Selection of exemplar cases

We will conduct a deep review of 10 cases adjudicated by experts (five with errors and five without) using a positive deviance approach.17,18 Cases will be selected to maximize the contrast between those with and without DEs to guard against erroneous conclusions.1921 Using qualitative thematic analysis, we will conduct instrumental collective case study analyses to identify themes that emerge from clinician surveys, redacted charts or case review documents, free-text descriptors from our adjudication tools, and clinician interviews.22 Results from these qualitative analyses will be used to identify possible targets for improvement and better understand Safety II issues.

Systems analysis of cases

As in prior studies, we will conduct systems analyses of eight cases of DE (i.e., one for each DEER diagnostic process dimension) at selected sites to provide additional insight into potential targets for Safety I interventions. We will apply tools, such as health care failure modes and effects analysis, cause-and-effect diagrams, and root cause analyses to understand the root causes of reviewed DEs.

Aim 2: Benchmarking of diagnostic performance across sites

Aim 2 has two related goals, the first being the development and dissemination of data reports representing error rates and diagnostic processes, and the second being the incorporation of these reports into local quality programs.

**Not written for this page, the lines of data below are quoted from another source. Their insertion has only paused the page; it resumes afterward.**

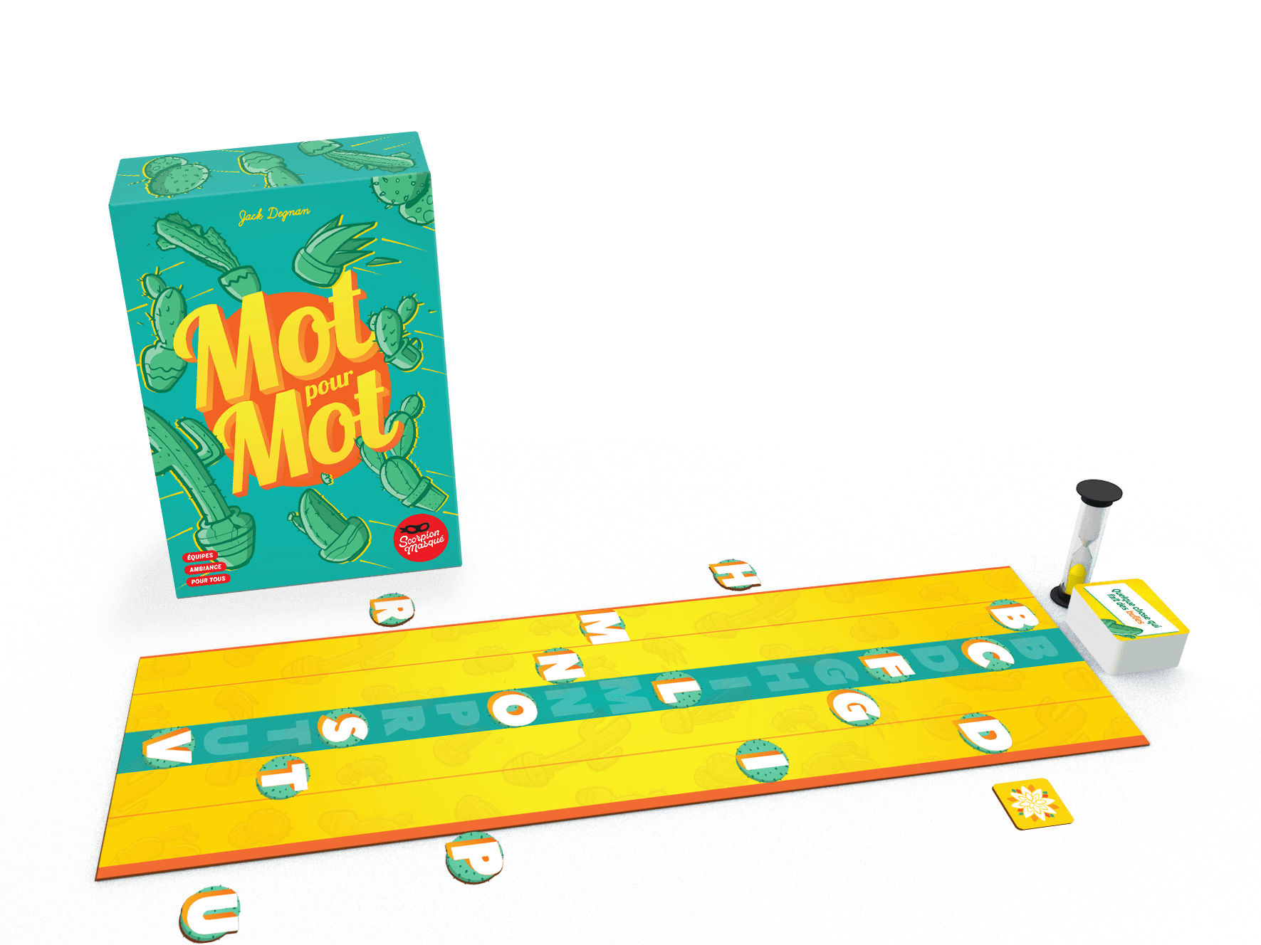 Balancez 5 lettres (cactus) dans le camp adverse pour gagner. À votre tour, trouvez vite un mot correspondant à la catégorie imposée et poussez chaque lettre d’une colonne.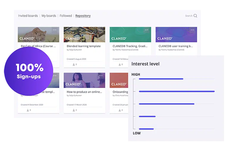 Claned | N/A | Claned learning environment measures the current knowledge capital of learners and compares it to the strategic skills and competences needed in the future. Claned can build engaging, personalized learning paths to learners to help them achieve strategic skills. Its machine learning algorithms gather data from interactions on the platform automatically and in real time providing visibility into learning activities and their progress. In this way CLANED can measure the impact of competence… | $196 per year 50 Users | |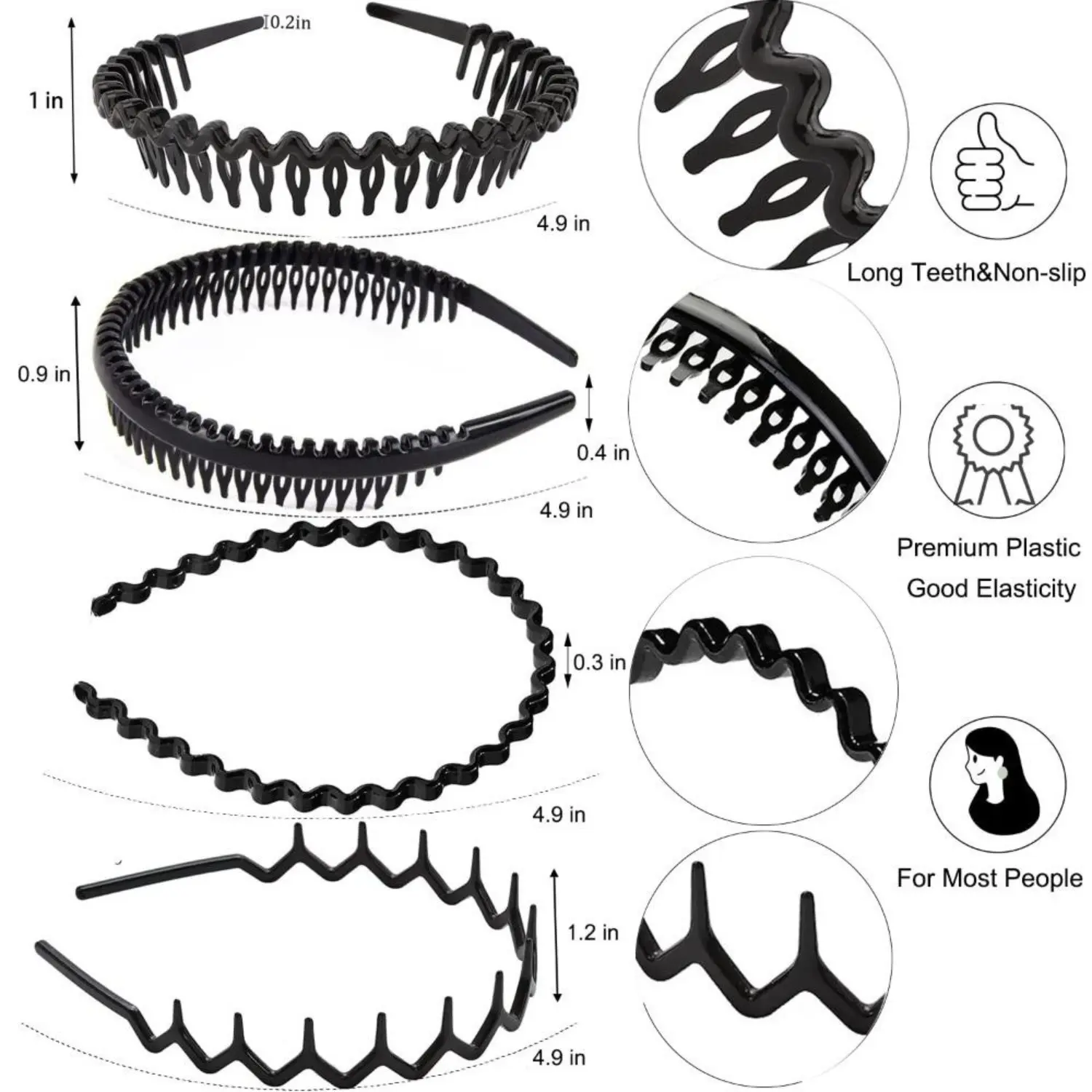 ·Package Included: There are 8 pieces of skinny plastic headbands available in 4 types with teeth and all are black, suitable for both female and male.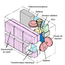 - le compartiment avant, formant un parallélépipède rectangle de 1,7 × 1 × 1,3 mètre en aluminium usiné chimiquement pour l'alléger, contient l'électronique du radar et des télécommunications ainsi que le système de contrôle d'attitude. La chaleur dégagée par ce compartiment qui consomme 200 watts électriques est évacuée par des persiennes ;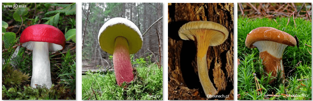 Obrázek 1: Nejedlé houby (zleva: holubinka vrhavka, hřib kříšť, lištička pomerančová, čechratka černohuňatá) / užito z přednášky MUDr. Jiřího Valenty.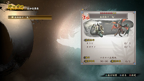 この任務の主な目的は、瘴気の影響で敏化したカガチメを討伐することだ。しかし、朧“鬼”やコガネムジナの出現も報告されている。各地を歩き回り、発見し次第、討伐せよ!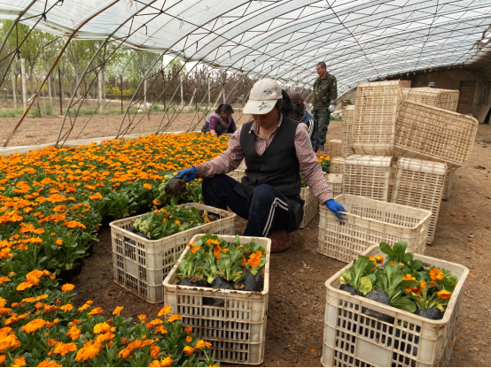 良王庄乡陆家村正响花卉种植中心的大棚,一片生机盎然,满棚颜色鲜艳、娇艳欲滴的花卉与棚外的蓝天、绿树相映成趣。工人们正在加紧装箱,准备送往客户手中。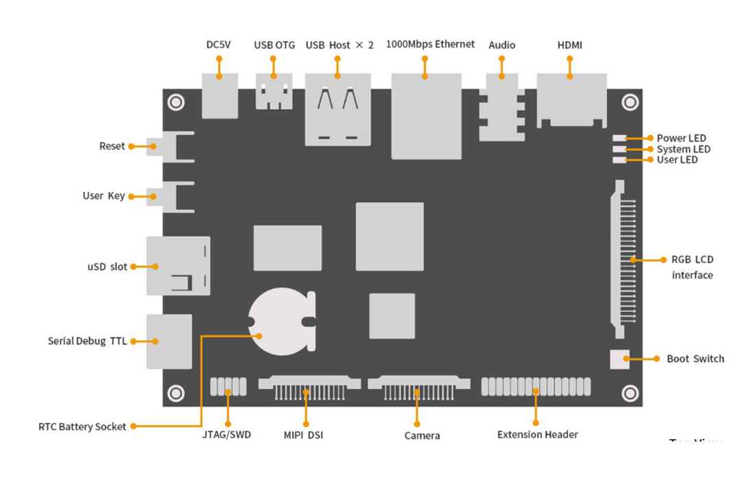 На борту макетки прикручены - 512 Мб ОЗУ, флэшка на 4 Гб, HDMI выход, гигабитный Ethernet, слот MicroSD, два USB 2.0, микро USB, аудио 3.5мм, кроватка для батарейки, QSPI флэшка, гребёнка на 30 пинов и шлейфовые разъёмчики для подключения камеры и разных дисплеев.

Feedback report development

Initial forms of our reports will allow sites to view their data only and will present error prevalence, harms related to errors, diagnostic process faults as represented by DEER taxonomy groupings, and population-attributable fractions indicating the highest priority process faults. In addition, prototypes will include exploratory measures indicating possible Safety II events (e.g., “good catches”) and resilience features identified from exemplar cases and expanded through qualitative efforts. Following iterative refinement of these reports, we will allow sites to see their own performance compared to the overall group’s, followed by additional rounds of iterative refinement in response to user feedback.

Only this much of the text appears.